What to work on
All lines from the one that has "Saia midi em" onward to the end of the records below are to be returned exactly; pictures are to be skipped.

::: Source data :::

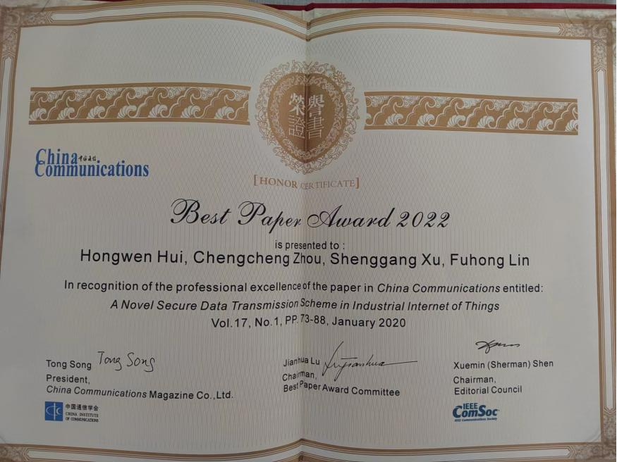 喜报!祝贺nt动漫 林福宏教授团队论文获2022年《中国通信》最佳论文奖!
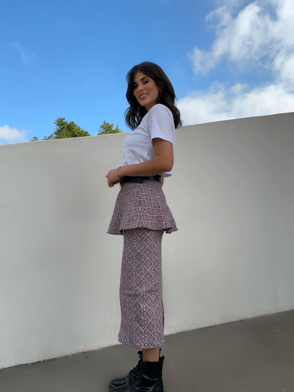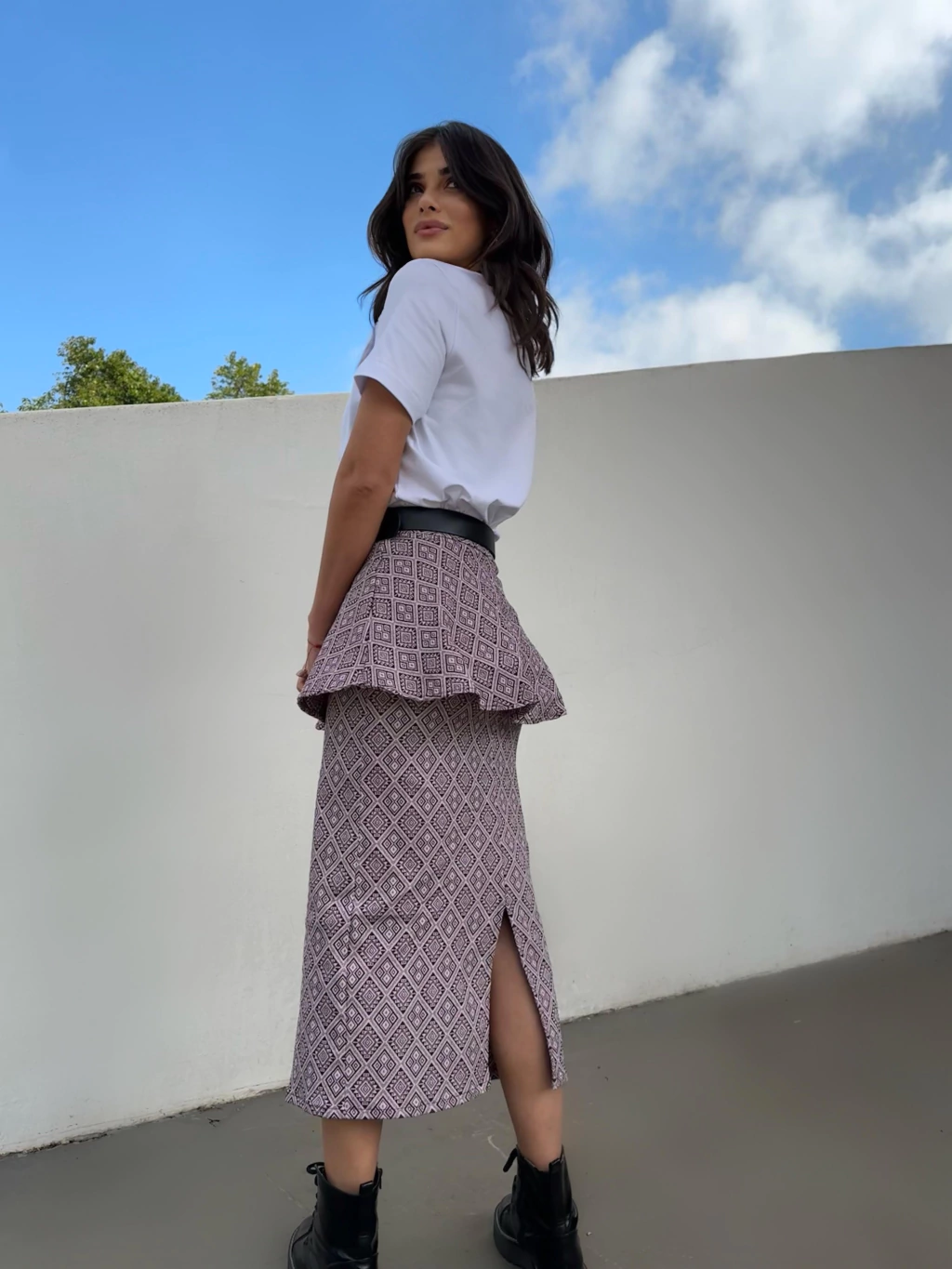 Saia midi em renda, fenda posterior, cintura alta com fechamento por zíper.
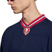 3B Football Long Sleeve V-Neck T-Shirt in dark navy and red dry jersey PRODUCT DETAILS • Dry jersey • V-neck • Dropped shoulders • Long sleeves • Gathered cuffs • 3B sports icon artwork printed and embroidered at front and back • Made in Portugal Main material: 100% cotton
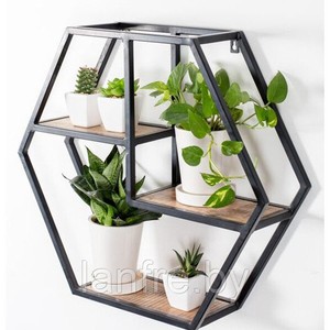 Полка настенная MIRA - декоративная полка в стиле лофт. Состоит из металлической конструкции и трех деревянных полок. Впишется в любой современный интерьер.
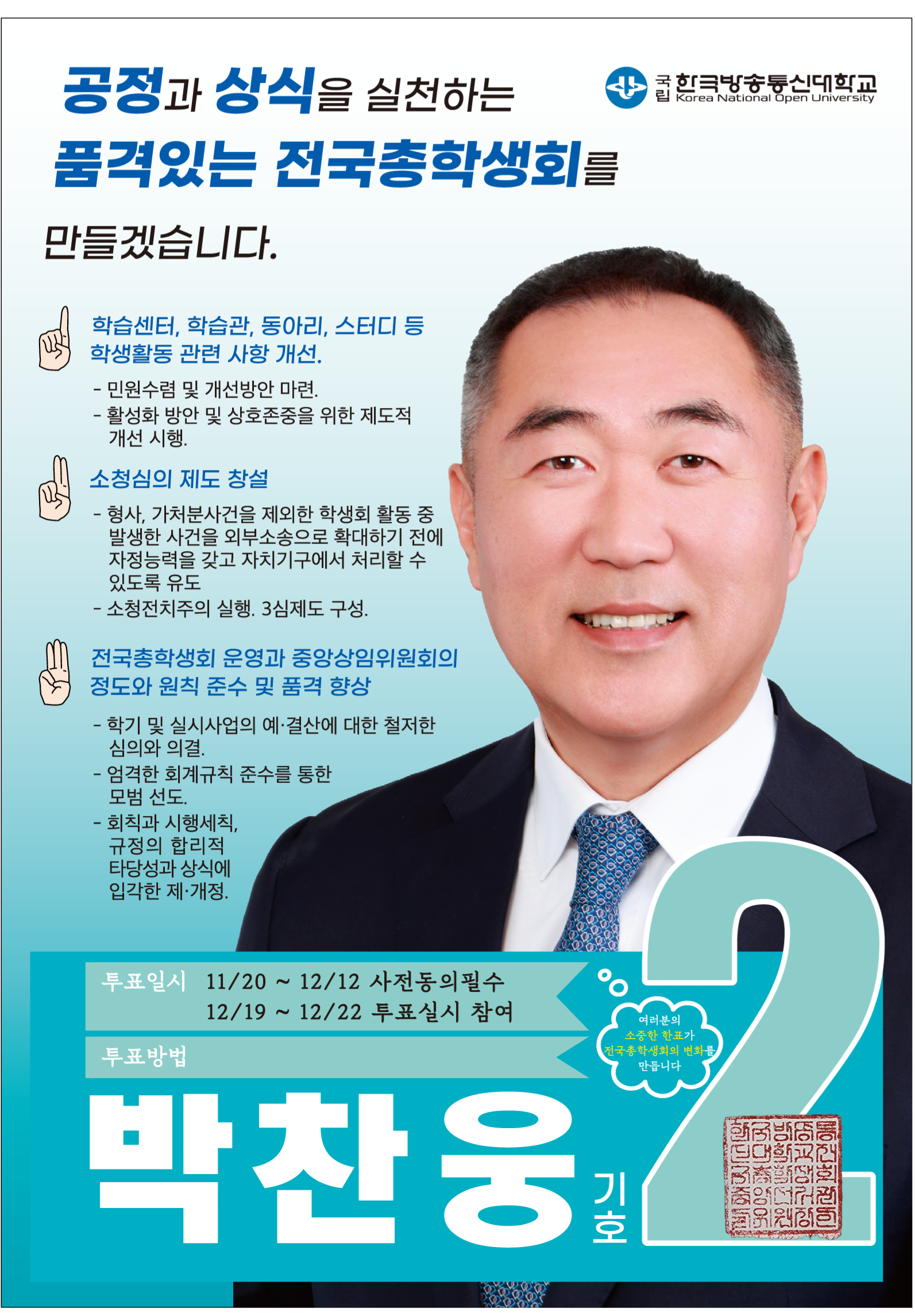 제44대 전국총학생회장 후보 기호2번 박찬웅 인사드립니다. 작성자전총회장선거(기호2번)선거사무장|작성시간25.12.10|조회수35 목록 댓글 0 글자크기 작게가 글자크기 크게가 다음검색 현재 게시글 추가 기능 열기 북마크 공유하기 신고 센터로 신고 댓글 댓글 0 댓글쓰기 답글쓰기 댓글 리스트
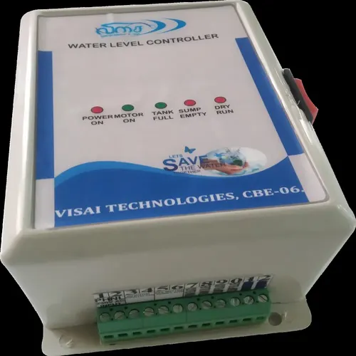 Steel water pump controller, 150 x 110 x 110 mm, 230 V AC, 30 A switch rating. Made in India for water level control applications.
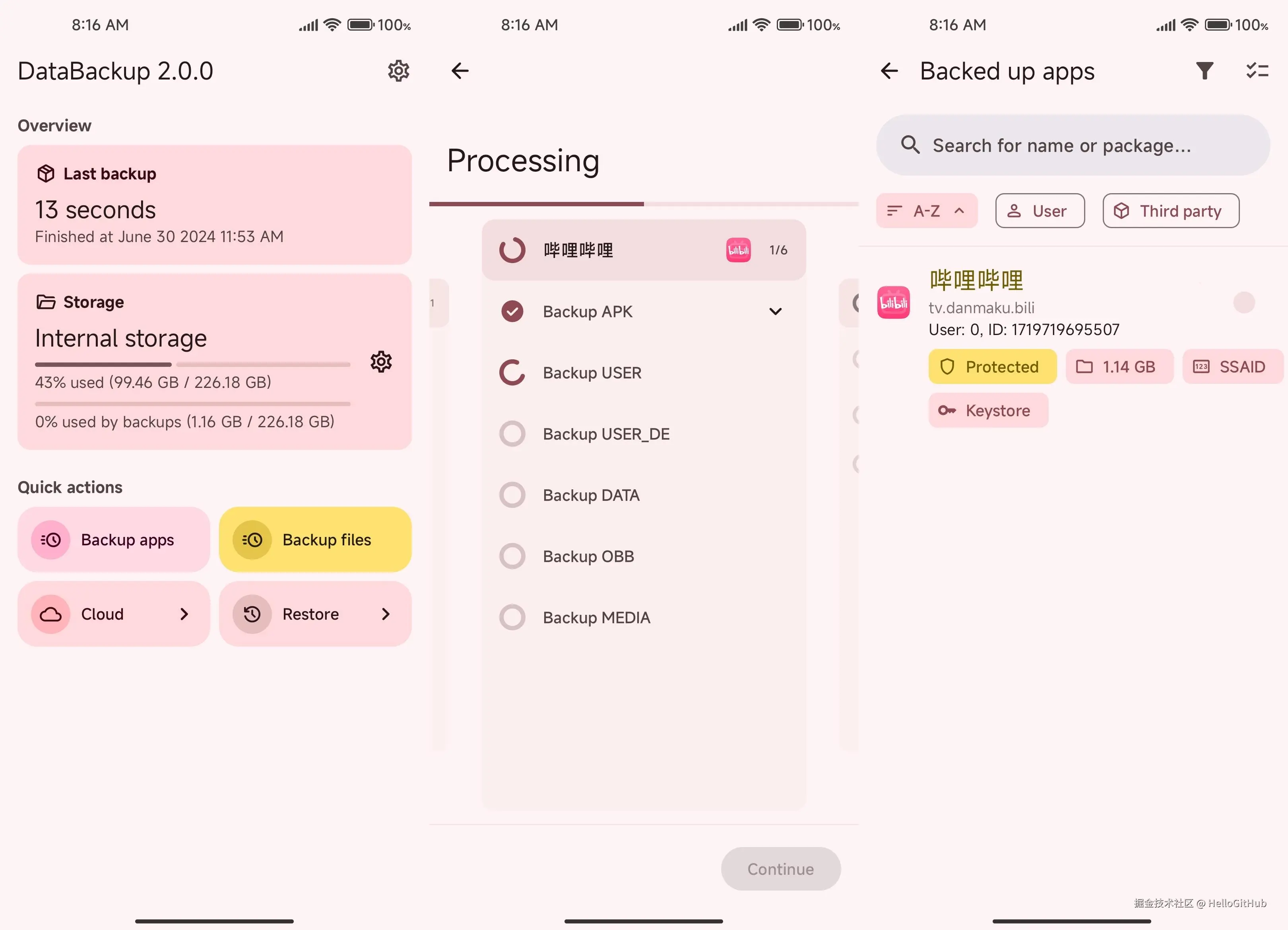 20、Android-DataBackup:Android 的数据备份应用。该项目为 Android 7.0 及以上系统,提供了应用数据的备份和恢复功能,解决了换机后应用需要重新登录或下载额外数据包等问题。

:::

Written answer
 Saia midi em renda, fenda posterior, cintura alta com fechamento por zíper.
 3B Football Long Sleeve V-Neck T-Shirt in dark navy and red dry jersey PRODUCT DETAILS • Dry jersey • V-neck • Dropped shoulders • Long sleeves • Gathered cuffs • 3B sports icon artwork printed and embroidered at front and back • Made in Portugal Main material: 100% cotton
 Полка настенная MIRA - декоративная полка в стиле лофт. Состоит из металлической конструкции и трех деревянных полок. Впишется в любой современный интерьер.
 제44대 전국총학생회장 후보 기호2번 박찬웅 인사드립니다. 작성자전총회장선거(기호2번)선거사무장|작성시간25.12.10|조회수35 목록 댓글 0 글자크기 작게가 글자크기 크게가 다음검색 현재 게시글 추가 기능 열기 북마크 공유하기 신고 센터로 신고 댓글 댓글 0 댓글쓰기 답글쓰기 댓글 리스트
 Steel water pump controller, 150 x 110 x 110 mm, 230 V AC, 30 A switch rating. Made in India for water level control applications.
 20、Android-DataBackup:Android 的数据备份应用。该项目为 Android 7.0 及以上系统,提供了应用数据的备份和恢复功能,解决了换机后应用需要重新登录或下载额外数据包等问题。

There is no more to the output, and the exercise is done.